Some of the most important lessons I have learned in IT did not come from certifications, tickets, or outages. They came from folding tables in community centers, borrowed extension cords, and long afternoons helping someone unlock their phone for the third time.
I volunteer a few times a year at local community tech clinics and mentor a couple of high school students who are curious about technology. On paper, those two groups could not be more different. In practice, they taught me the same thing. How you teach matters more than what you teach.
Start Where They Are, Not Where You Are
One of the easiest mistakes in tech is assuming shared context. What feels obvious to you might be completely foreign to someone else. When that gap shows up, people often blame themselves.
At community clinics, I meet seniors who apologize before we even start. They tell me they are bad with computers or that they are too old to learn. High school students do the same thing in a different way. They say they are not smart enough or that everyone else already knows this stuff.
In both cases, the first job is removing shame. I remind them that technology is learned, not innate. Nobody is born knowing how to manage passwords or configure a network. We all start somewhere.
Language Sets the Tone
The fastest way to shut someone down is with jargon. Words like “sync,” “cache,” or “permissions” mean nothing if you do not explain them. Worse, they make people feel excluded from their own devices.
I try to use everyday language first and introduce technical terms only when they are useful. Instead of “multi-factor authentication,” I say “an extra step to make sure it is really you.” Instead of “phishing,” I say “messages that pretend to be real.”
When someone understands the idea, the term becomes optional. Understanding builds confidence. Confidence builds trust.
Teach One Thing at a Time
At tech clinics, it is tempting to fix everything at once. Update the phone. Clean up apps. Change passwords. Explain settings. That approach overwhelms people and guarantees nothing sticks.
I focus on one win per session. Set up a password manager. Learn how to spot a fake email. Practice restarting a device properly. Small successes matter.
With students, the same rule applies. You do not start with advanced concepts. You start with fundamentals. What does this cable do? What happens when you click this? Why does this matter? Mastery grows from repetition, not speed.
Let People Drive
One habit I picked up early is keeping my hands off the keyboard as much as possible. If I do everything for someone, they learn nothing and feel dependent.
Instead, I guide. I point. I describe the steps. I let them click, type, and make mistakes. When something goes wrong, I treat it as part of the process, not a failure.
This approach takes longer, but it pays off. People remember what they do themselves. They leave feeling capable, not rescued.
Respect Builds Better Outcomes
Whether I am helping a retiree set up email or a teenager learn basic networking, respect is the foundation.
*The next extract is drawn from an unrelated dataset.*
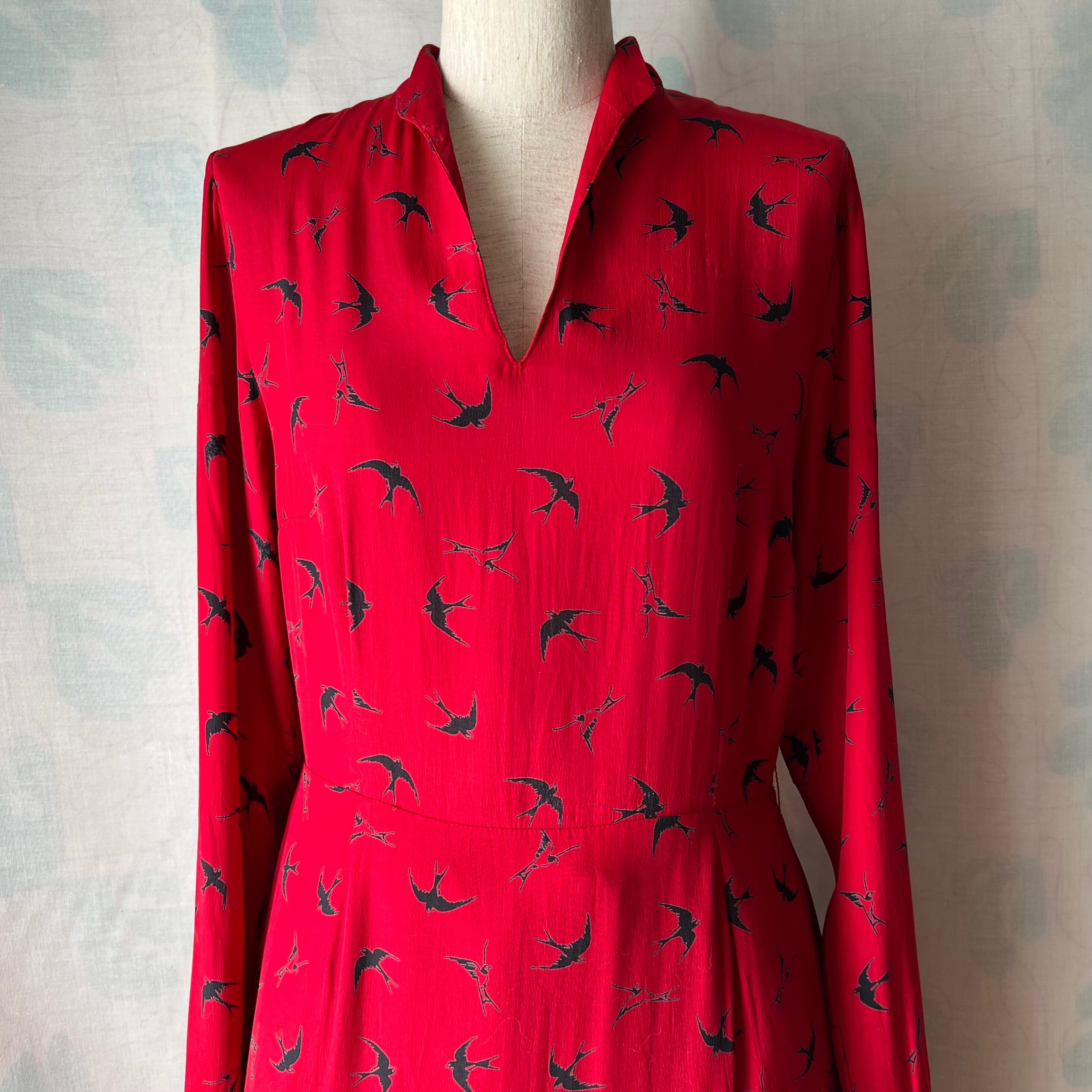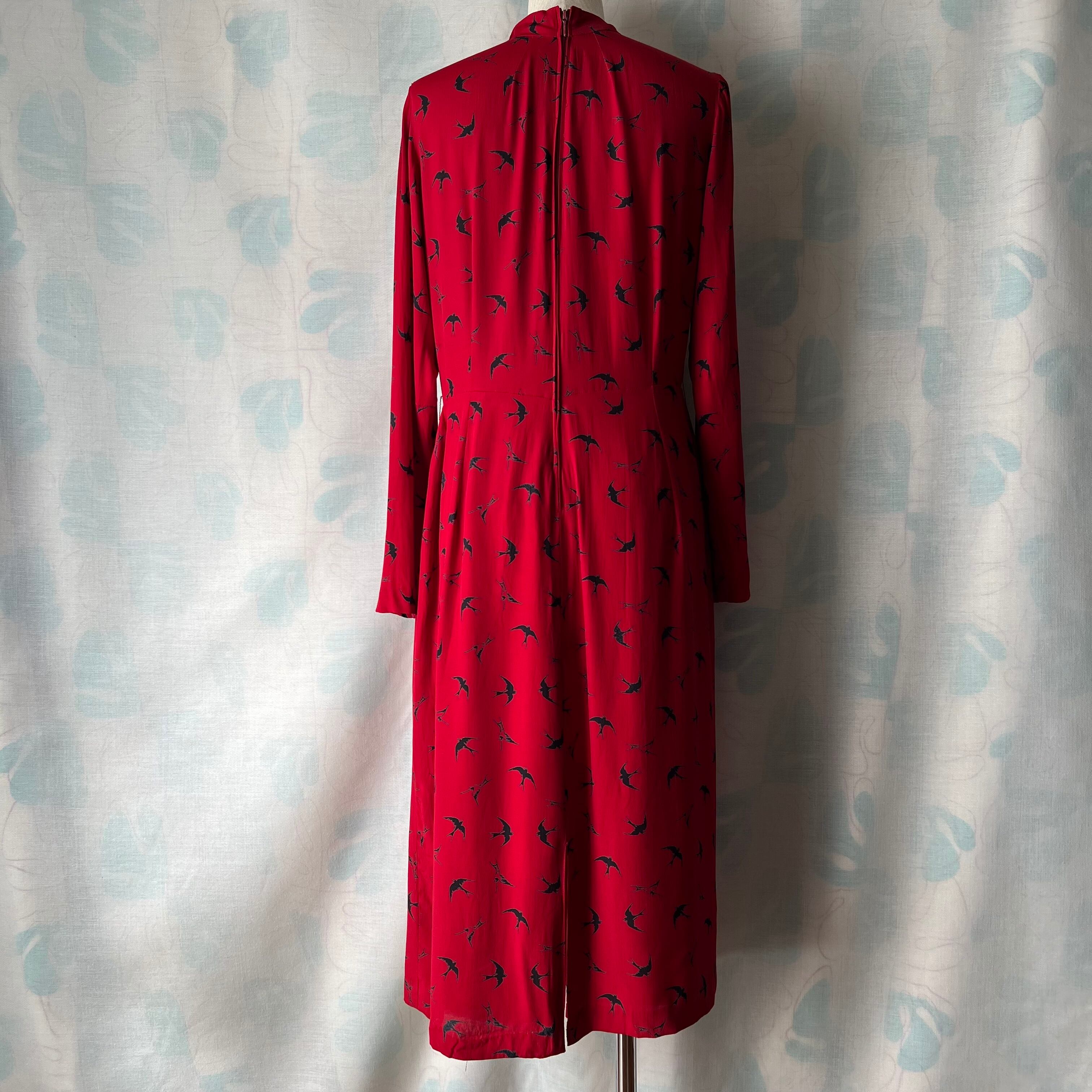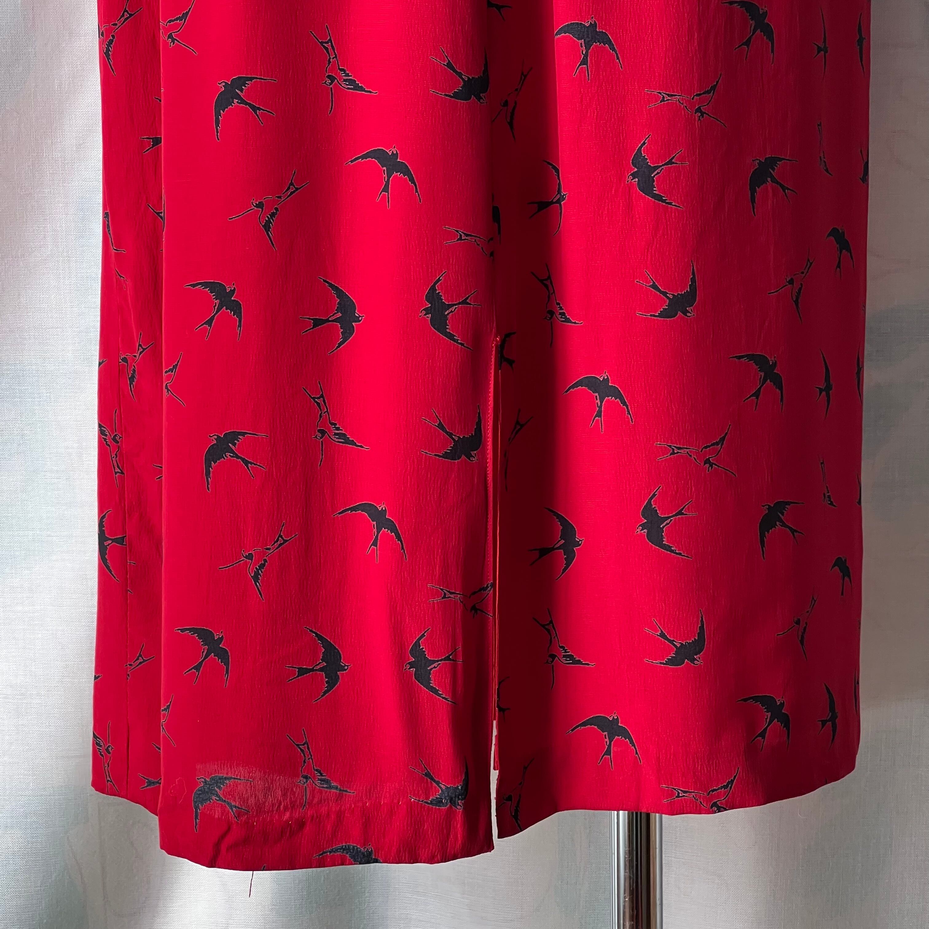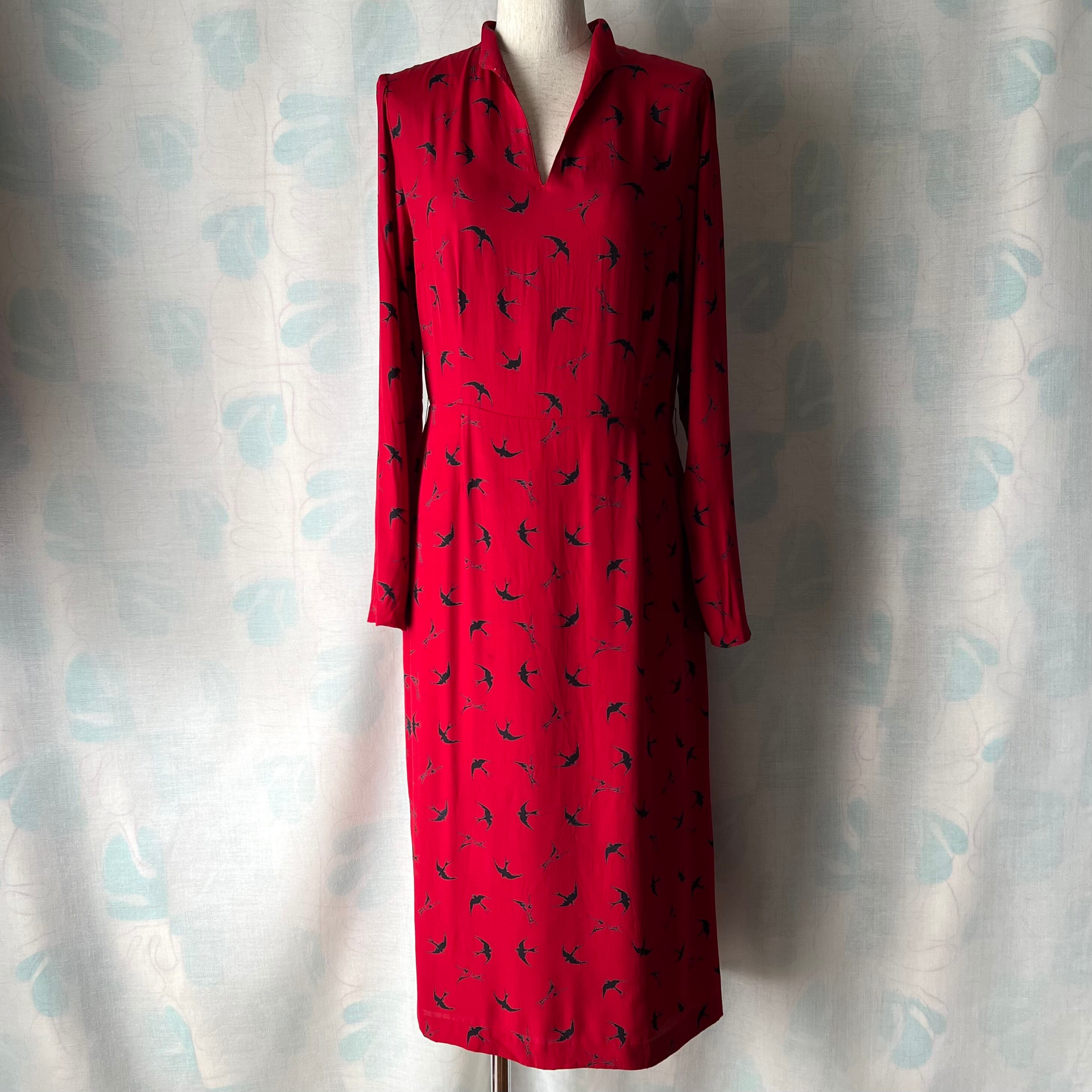 Vintage red×swallow pattern dress

Talking down, even accidentally, breaks that foundation.
I avoid correcting people harshly or laughing at mistakes. I thank them for asking questions. I acknowledge when something is confusing. Technology often is.
In my day job, these same habits lead to better support outcomes. Users are more honest about what they did. They ask questions sooner. They trust guidance instead of resisting it.
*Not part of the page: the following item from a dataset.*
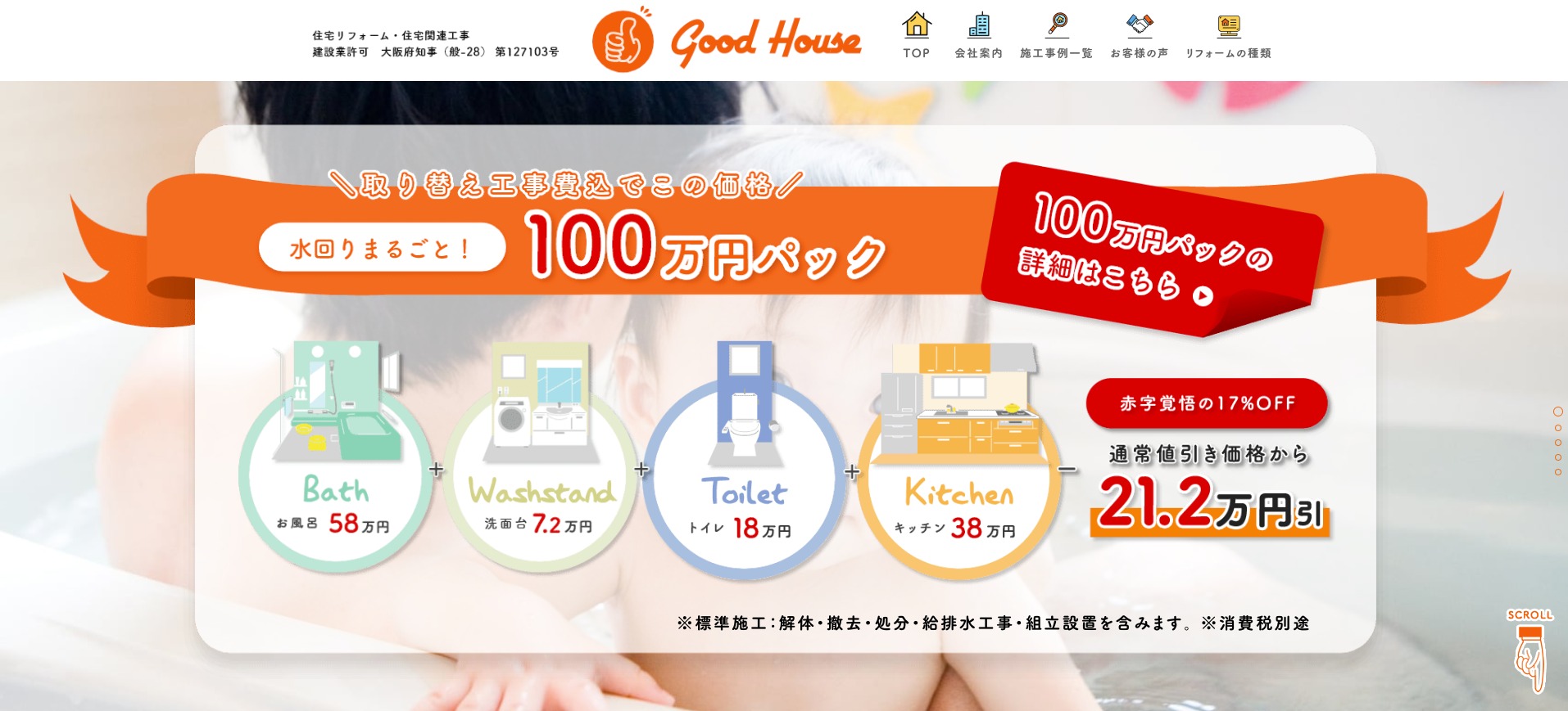 引用元:good house公式サイト good houseは大阪の寝屋川を中心に兵庫・奈良・京都・滋賀・和歌山・三重でリフォームをしているリフォーム業者です。風呂のリフォームだけでなく、キッチンやトイレ、化粧台など多くの水回りリフォームに対応しています。

These Lessons Carry Into Everyday IT Work
Volunteering changed how I approach end-user support. I am more patient. I explain the why, not just the how. I check for understanding instead of assuming it.
I also document with teaching in mind. Clear steps. Simple language. Screenshots when helpful. The goal is the same as at a clinic. Reduce stress and increase confidence.
Teaching without talking down is not about lowering standards. It is about raising people up. When users feel respected and capable, technology stops being a source of fear and starts being a tool.
That shift makes support easier, systems stronger, and communities healthier. And it all starts with remembering that everyone, at any age, is capable of learning when they are treated with patience and respect.